What is wrong with this C program?

Question

I just want to assign the value of pow to a variable, I've used this

#include<stdio.h>
#include<math.h>

int main( void )
{
int x;
int y;
int z;
x=10;
y=2;

z = pow(x,y);
printf ("%d" , &z);

return 0;
}

but in output I get -1076813284 , I am sorry, but I just started learning C and in every tutorial everyone just print the value of pow, like

printf("Value 3.05 ^ 1.98 = %lf", pow(3.05, 1.98));

and I don't know how to assign it to a variable

Answer 1

printf ("%d" , &z);

prints the address of z (*), not its value. printf("%d", z) prints the value.

(*) Actually, the behavior is undefined and on a 64-bit CPU it will likely print half of the address.

Answer 2

&z is the address of the variable z.

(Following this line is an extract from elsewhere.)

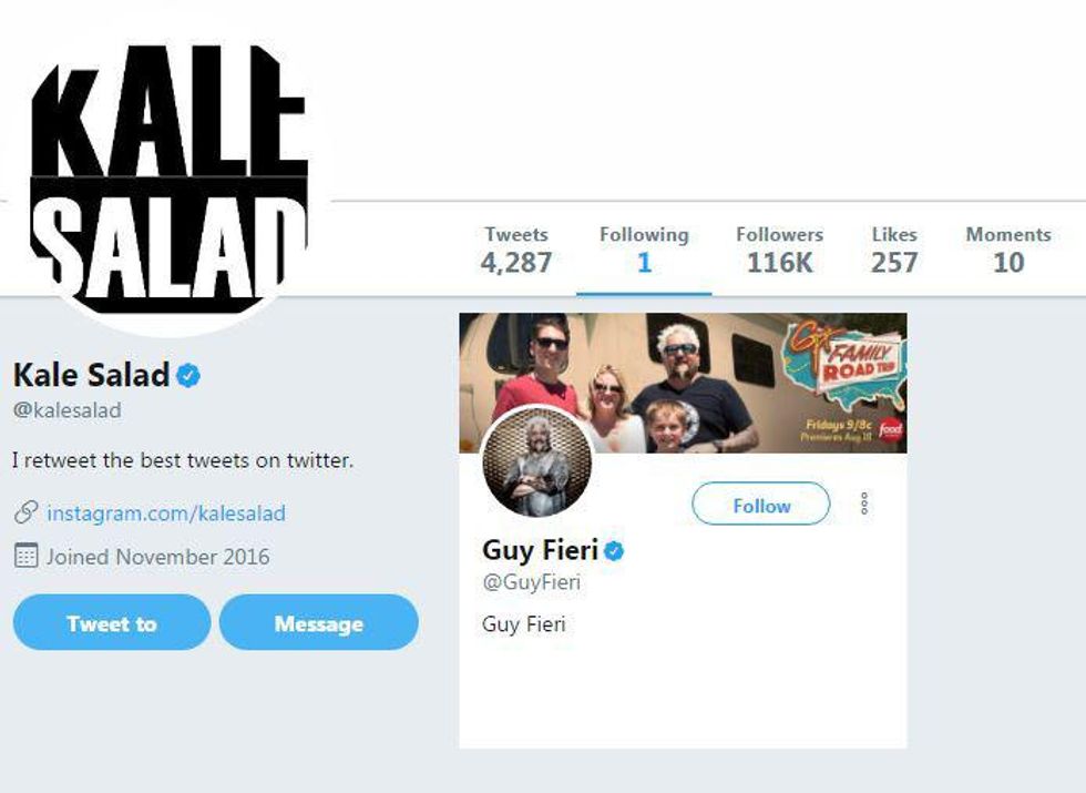 So who's behind @KaleSalad and why is the account only following American restaurateur Guy Fieri?

If you want to print out the value of z, then the code is simply

printf("%d", z);

You would use &z when reading a value into z, because scanf needs a pointer in order to modify your variable.

Answer 3

pow returns a double (and not a reference), you need to make your print statement:

printf ("%f" , z);

After changing z to a double:

double z;

Answer 4

pow returns double and it takes arguments of type double.

double pow(double x, double y)  

You need %f specifier in printf and also remove & from z.

Another way is to cast the return value of pow to int and use %d

int z = (int)pow(x, y);
printf ("%d" , z);